── Data shown

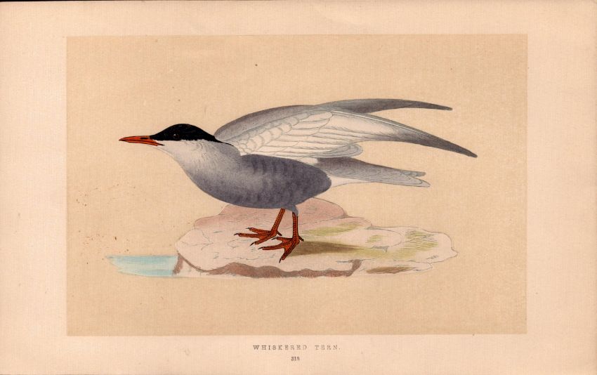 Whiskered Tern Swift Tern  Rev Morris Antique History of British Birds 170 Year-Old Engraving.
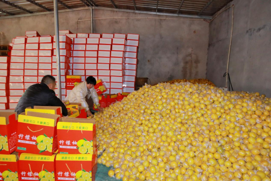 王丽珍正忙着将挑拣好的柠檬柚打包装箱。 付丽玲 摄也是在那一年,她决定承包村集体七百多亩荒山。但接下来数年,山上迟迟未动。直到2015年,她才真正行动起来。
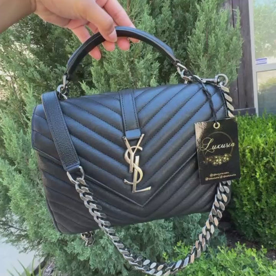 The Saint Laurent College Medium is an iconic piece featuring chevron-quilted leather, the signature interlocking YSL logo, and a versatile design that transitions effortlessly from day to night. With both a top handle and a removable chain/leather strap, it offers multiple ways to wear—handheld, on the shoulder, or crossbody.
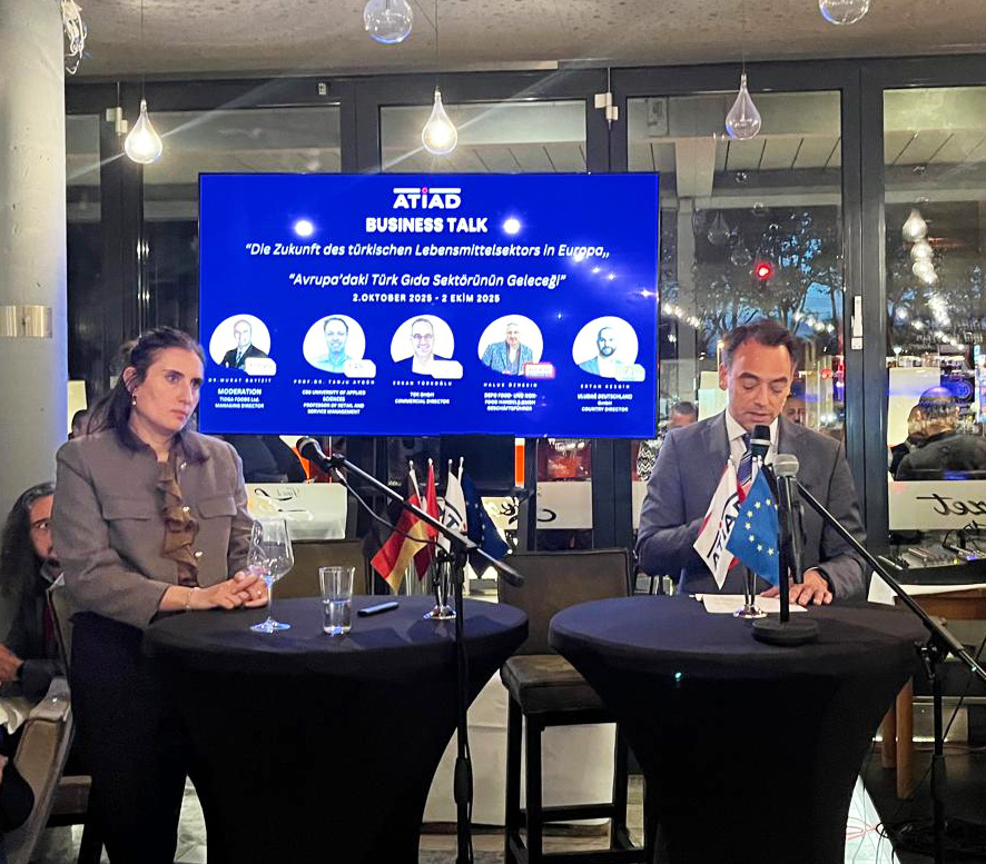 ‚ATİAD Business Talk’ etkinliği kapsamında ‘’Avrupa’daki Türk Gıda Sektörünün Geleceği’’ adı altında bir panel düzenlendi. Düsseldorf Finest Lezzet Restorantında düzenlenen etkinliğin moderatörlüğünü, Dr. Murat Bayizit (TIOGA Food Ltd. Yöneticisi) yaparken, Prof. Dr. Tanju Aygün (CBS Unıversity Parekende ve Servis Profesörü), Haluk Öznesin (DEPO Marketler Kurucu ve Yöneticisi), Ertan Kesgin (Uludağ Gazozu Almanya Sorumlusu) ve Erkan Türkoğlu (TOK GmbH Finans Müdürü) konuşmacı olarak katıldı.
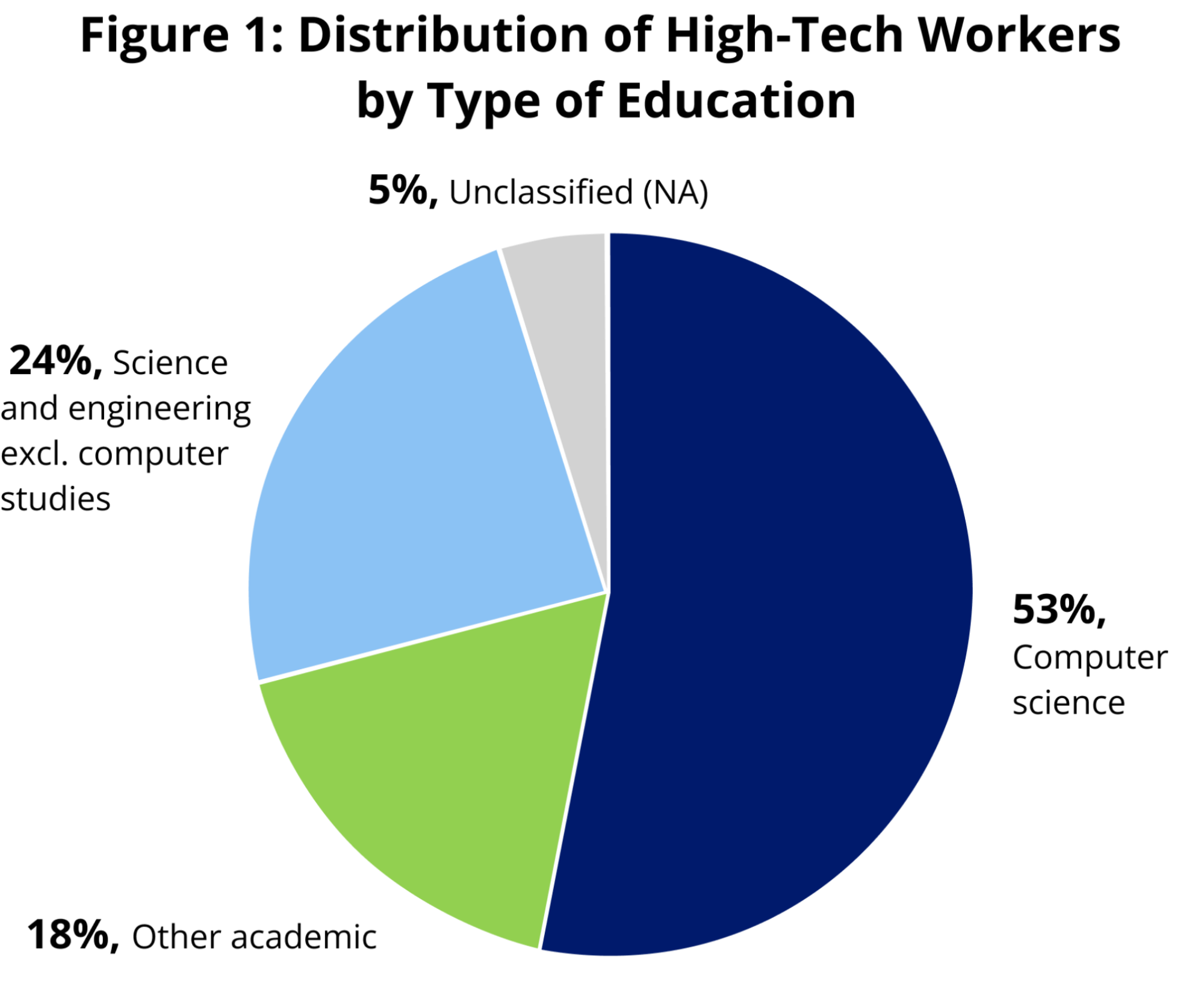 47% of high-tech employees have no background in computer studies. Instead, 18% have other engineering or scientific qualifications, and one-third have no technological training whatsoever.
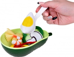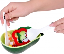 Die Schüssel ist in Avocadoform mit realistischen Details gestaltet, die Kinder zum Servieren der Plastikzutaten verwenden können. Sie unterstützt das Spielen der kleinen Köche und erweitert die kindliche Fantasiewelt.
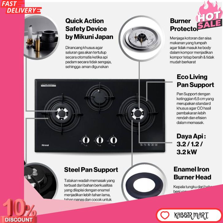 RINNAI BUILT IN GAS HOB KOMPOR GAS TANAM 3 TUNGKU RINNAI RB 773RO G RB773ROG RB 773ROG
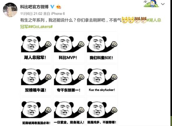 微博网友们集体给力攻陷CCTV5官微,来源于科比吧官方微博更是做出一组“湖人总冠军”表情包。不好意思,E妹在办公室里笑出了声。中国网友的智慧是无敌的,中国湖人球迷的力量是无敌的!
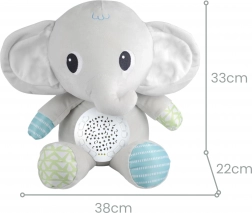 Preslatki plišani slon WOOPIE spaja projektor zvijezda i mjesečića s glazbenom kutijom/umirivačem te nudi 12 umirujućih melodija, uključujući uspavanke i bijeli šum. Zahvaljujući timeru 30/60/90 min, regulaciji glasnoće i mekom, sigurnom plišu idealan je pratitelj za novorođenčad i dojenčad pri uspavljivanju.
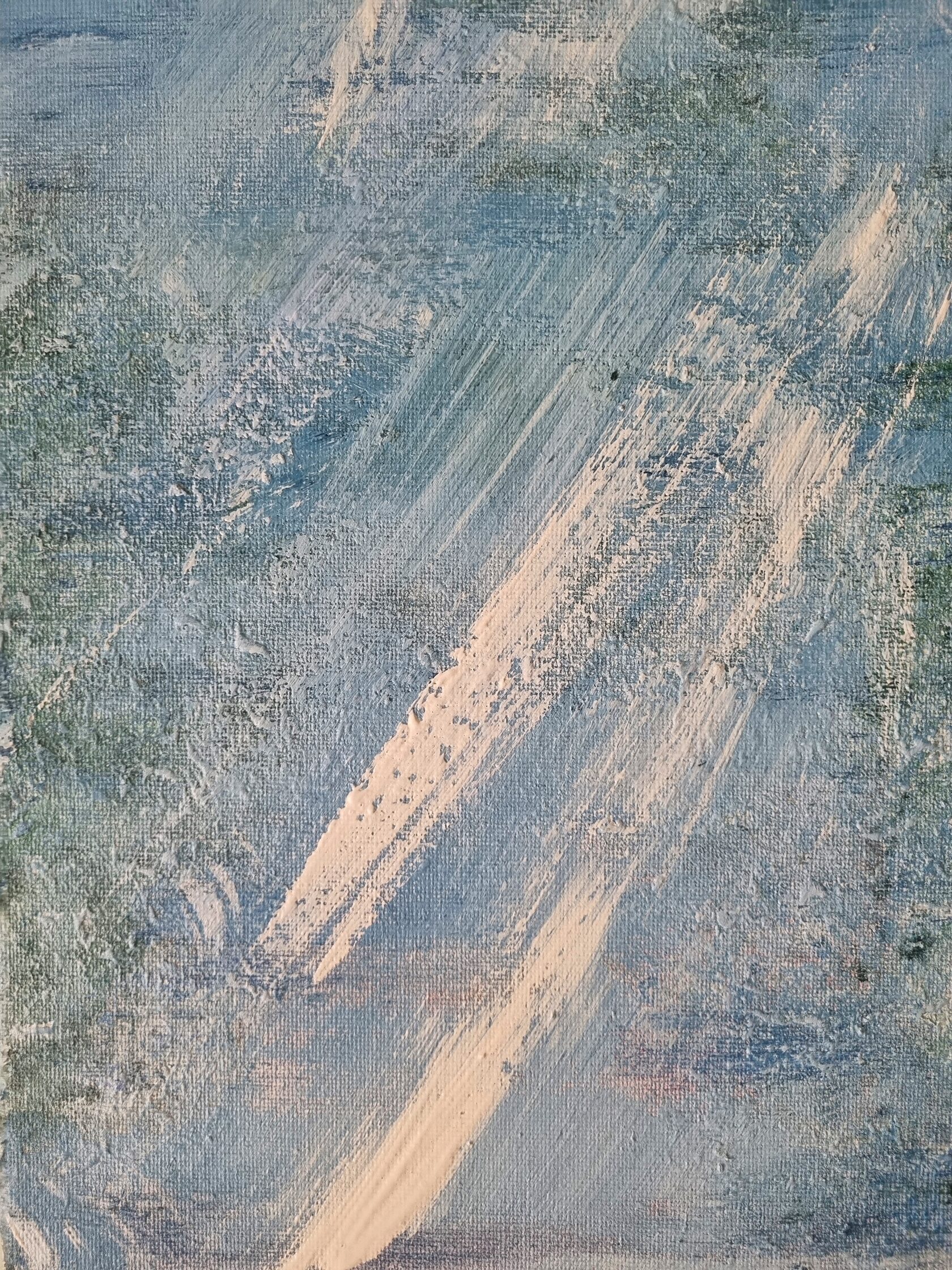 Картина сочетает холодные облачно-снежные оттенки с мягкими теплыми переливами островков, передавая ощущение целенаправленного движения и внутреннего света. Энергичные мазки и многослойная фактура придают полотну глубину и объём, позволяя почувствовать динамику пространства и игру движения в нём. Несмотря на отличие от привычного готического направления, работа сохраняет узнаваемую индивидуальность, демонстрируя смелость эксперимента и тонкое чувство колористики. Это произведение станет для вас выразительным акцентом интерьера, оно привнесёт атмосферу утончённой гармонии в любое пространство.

────
── Data shown

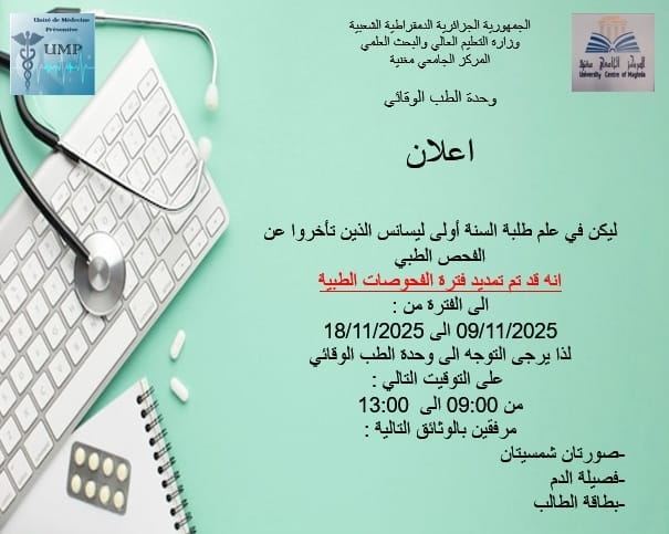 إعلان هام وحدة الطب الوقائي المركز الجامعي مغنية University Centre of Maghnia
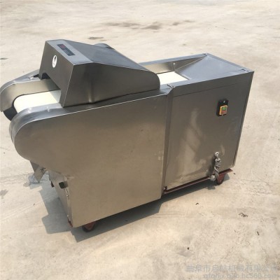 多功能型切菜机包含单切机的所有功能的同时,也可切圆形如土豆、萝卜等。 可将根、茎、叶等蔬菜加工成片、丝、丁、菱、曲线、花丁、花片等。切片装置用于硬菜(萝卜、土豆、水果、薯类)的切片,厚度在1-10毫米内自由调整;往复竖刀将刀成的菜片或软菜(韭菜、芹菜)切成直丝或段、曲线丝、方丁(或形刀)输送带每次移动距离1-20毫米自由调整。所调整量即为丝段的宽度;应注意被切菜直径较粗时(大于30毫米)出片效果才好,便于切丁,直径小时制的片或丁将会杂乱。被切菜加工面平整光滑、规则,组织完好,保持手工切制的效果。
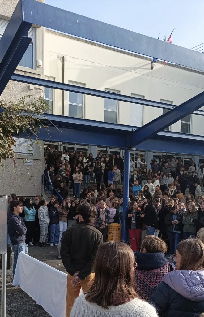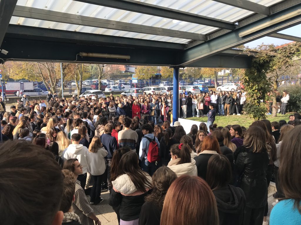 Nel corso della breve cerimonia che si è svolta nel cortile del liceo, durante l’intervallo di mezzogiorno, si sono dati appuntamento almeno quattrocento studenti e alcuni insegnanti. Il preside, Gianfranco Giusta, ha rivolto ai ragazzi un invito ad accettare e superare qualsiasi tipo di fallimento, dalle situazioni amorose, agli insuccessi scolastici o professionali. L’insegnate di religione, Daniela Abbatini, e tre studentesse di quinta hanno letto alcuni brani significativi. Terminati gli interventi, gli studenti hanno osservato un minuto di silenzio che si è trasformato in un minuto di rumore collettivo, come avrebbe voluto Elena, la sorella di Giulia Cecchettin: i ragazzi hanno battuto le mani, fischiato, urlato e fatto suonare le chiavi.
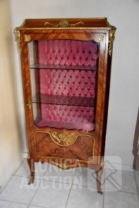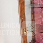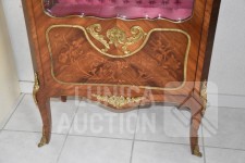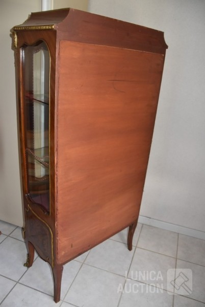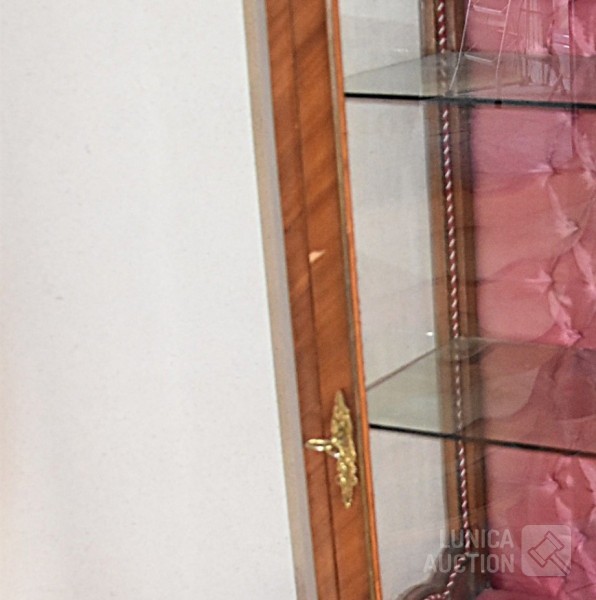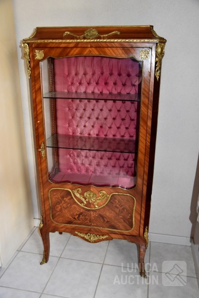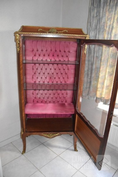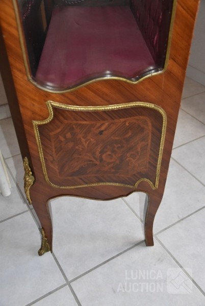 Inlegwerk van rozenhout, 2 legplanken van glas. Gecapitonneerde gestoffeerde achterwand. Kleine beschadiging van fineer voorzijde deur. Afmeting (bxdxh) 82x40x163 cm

────
── Data shown

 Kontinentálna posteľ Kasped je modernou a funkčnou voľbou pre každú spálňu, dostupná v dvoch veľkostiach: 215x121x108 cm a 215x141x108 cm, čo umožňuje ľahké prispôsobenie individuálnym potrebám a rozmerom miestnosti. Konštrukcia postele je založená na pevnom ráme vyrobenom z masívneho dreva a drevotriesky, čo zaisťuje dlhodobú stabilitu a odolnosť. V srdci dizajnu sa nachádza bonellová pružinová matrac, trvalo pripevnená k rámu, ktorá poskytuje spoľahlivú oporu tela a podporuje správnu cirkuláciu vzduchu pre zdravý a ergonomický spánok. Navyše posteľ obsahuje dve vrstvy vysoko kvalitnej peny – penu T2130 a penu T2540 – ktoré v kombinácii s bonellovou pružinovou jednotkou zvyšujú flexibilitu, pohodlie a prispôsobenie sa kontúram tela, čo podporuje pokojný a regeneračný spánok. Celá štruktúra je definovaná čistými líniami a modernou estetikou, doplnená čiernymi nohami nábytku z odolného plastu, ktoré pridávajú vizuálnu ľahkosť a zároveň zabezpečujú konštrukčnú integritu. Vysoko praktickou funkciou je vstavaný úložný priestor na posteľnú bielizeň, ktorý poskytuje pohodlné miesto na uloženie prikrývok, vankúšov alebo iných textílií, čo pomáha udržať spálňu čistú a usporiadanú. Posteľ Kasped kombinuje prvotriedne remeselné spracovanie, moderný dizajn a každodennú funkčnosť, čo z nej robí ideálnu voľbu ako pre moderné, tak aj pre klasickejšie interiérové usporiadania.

────

* **Instructions to follow**:
From the records above, extract the lines from the one holding "Preslatki plišani slon" through the one holding "Картина сочетает холодные", word for word; omit the pictures.

* **Task response**:
 Preslatki plišani slon WOOPIE spaja projektor zvijezda i mjesečića s glazbenom kutijom/umirivačem te nudi 12 umirujućih melodija, uključujući uspavanke i bijeli šum. Zahvaljujući timeru 30/60/90 min, regulaciji glasnoće i mekom, sigurnom plišu idealan je pratitelj za novorođenčad i dojenčad pri uspavljivanju.
 Картина сочетает холодные облачно-снежные оттенки с мягкими теплыми переливами островков, передавая ощущение целенаправленного движения и внутреннего света. Энергичные мазки и многослойная фактура придают полотну глубину и объём, позволяя почувствовать динамику пространства и игру движения в нём. Несмотря на отличие от привычного готического направления, работа сохраняет узнаваемую индивидуальность, демонстрируя смелость эксперимента и тонкое чувство колористики. Это произведение станет для вас выразительным акцентом интерьера, оно привнесёт атмосферу утончённой гармонии в любое пространство.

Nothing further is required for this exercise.